[[ Material provided, beginning ]]
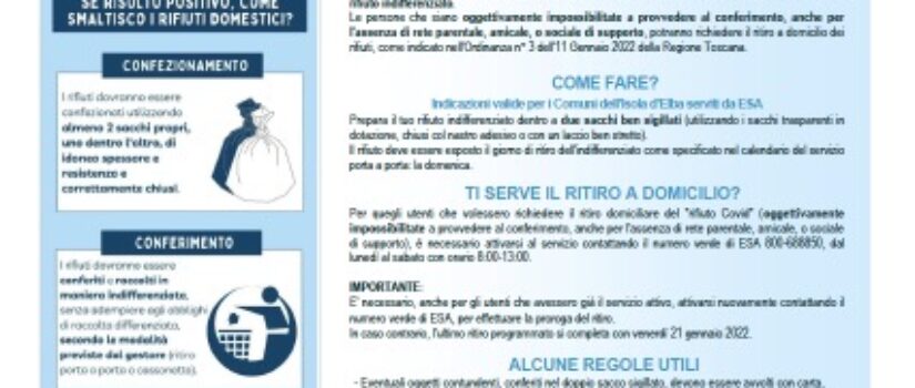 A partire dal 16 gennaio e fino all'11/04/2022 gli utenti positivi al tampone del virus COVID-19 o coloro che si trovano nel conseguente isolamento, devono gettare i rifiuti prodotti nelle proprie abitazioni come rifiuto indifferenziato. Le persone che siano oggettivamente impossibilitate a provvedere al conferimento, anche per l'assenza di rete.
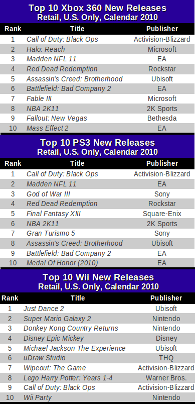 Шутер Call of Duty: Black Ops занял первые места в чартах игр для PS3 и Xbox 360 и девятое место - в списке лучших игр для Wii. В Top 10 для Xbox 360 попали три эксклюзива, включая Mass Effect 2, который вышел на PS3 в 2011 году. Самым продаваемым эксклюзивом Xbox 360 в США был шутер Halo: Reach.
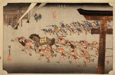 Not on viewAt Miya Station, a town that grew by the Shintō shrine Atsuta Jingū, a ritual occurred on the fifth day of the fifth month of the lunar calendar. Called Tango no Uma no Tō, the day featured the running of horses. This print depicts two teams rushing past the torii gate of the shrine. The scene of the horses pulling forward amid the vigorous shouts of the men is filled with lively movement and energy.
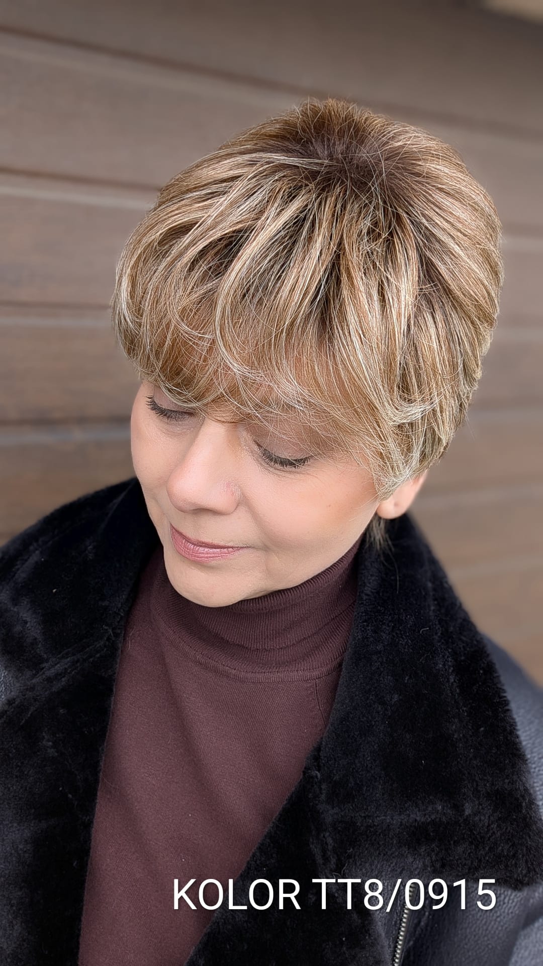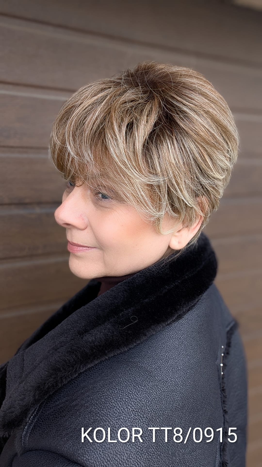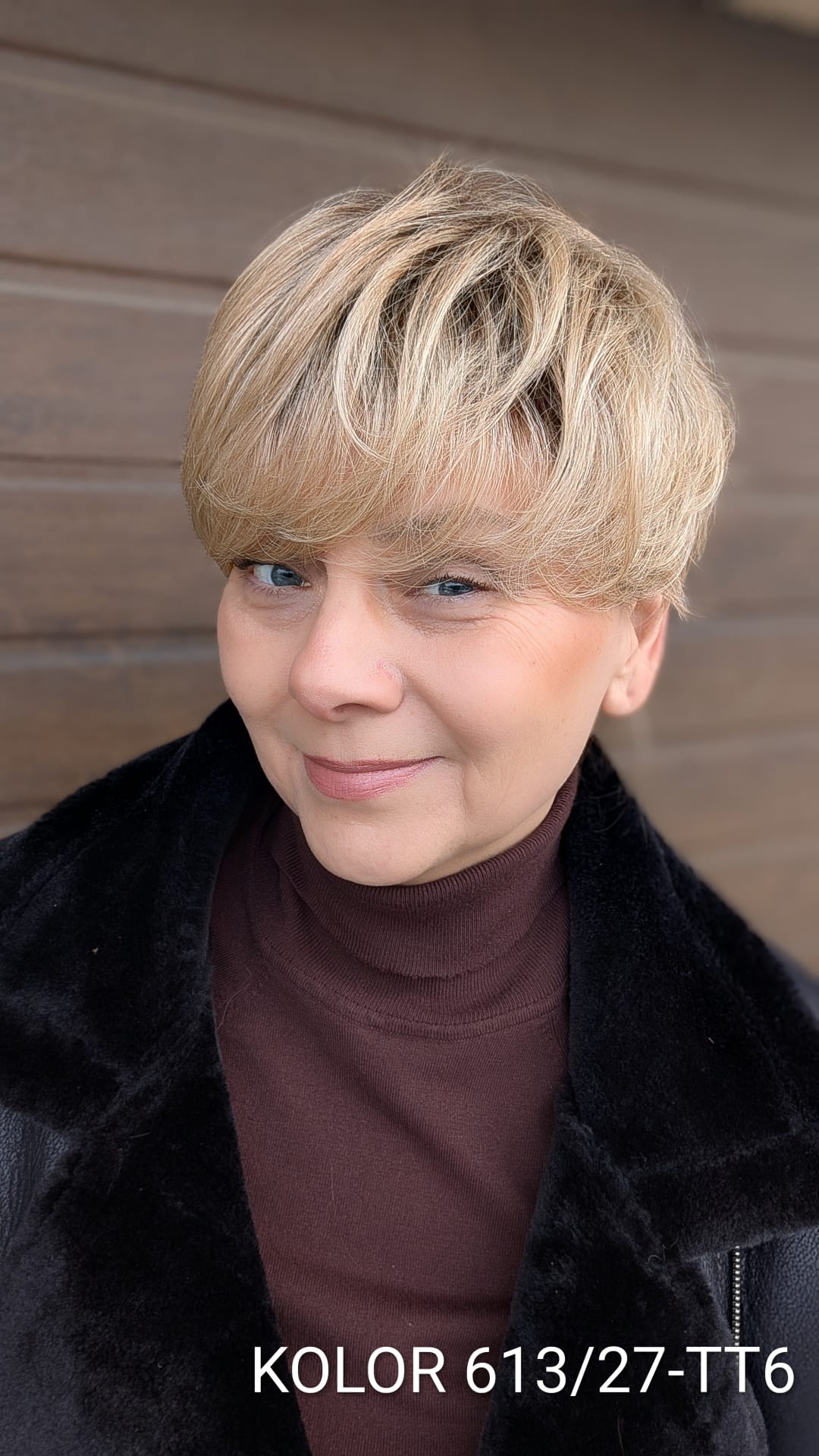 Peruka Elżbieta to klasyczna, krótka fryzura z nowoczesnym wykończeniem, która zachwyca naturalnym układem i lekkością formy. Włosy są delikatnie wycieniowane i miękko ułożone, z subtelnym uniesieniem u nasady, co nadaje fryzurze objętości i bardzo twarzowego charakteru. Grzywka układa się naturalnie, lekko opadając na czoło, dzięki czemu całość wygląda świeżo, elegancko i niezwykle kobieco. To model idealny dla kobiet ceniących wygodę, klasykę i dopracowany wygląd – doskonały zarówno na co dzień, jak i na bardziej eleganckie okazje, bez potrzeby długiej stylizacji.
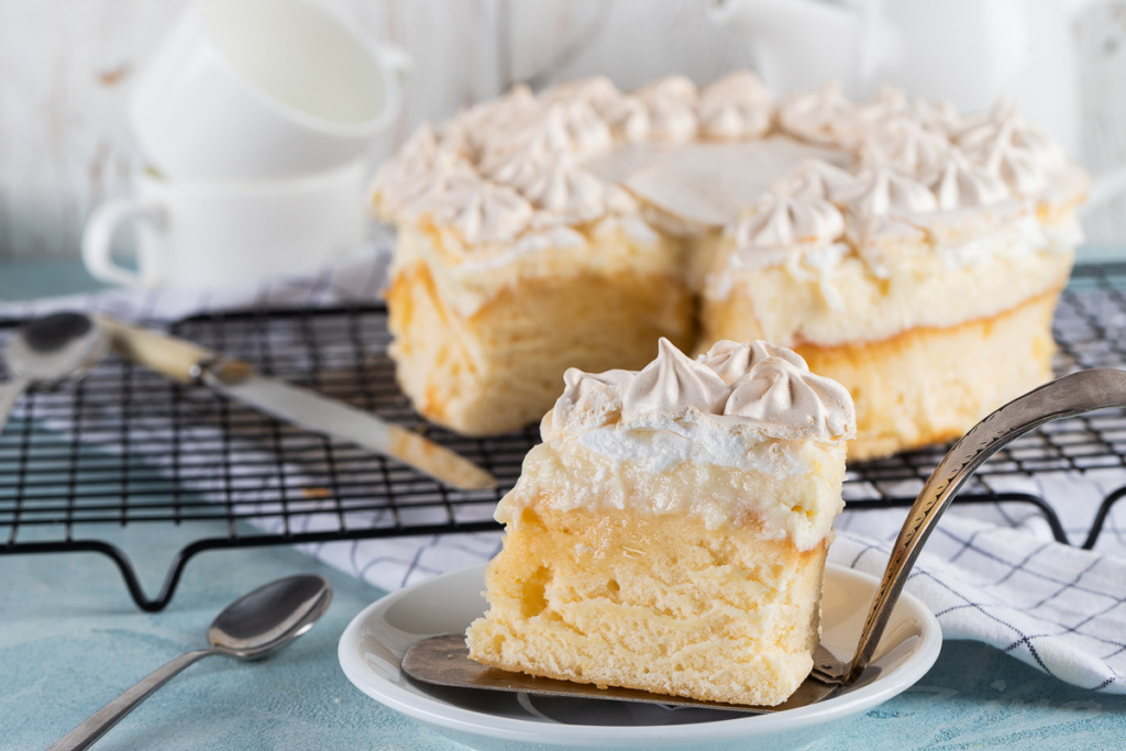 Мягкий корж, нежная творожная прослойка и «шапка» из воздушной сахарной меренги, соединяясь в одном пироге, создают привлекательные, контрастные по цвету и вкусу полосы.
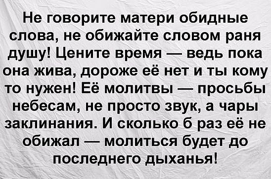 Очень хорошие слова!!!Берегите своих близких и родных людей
[[ Material provided, end ]]
◆ What you are asked to do
Copy out only the lines from the one containing "Мягкий корж, нежная" to the end of the entries, unchanged. Drop the pictures.

◆ Answer to the exercise
 Мягкий корж, нежная творожная прослойка и «шапка» из воздушной сахарной меренги, соединяясь в одном пироге, создают привлекательные, контрастные по цвету и вкусу полосы.
 Очень хорошие слова!!!Берегите своих близких и родных людей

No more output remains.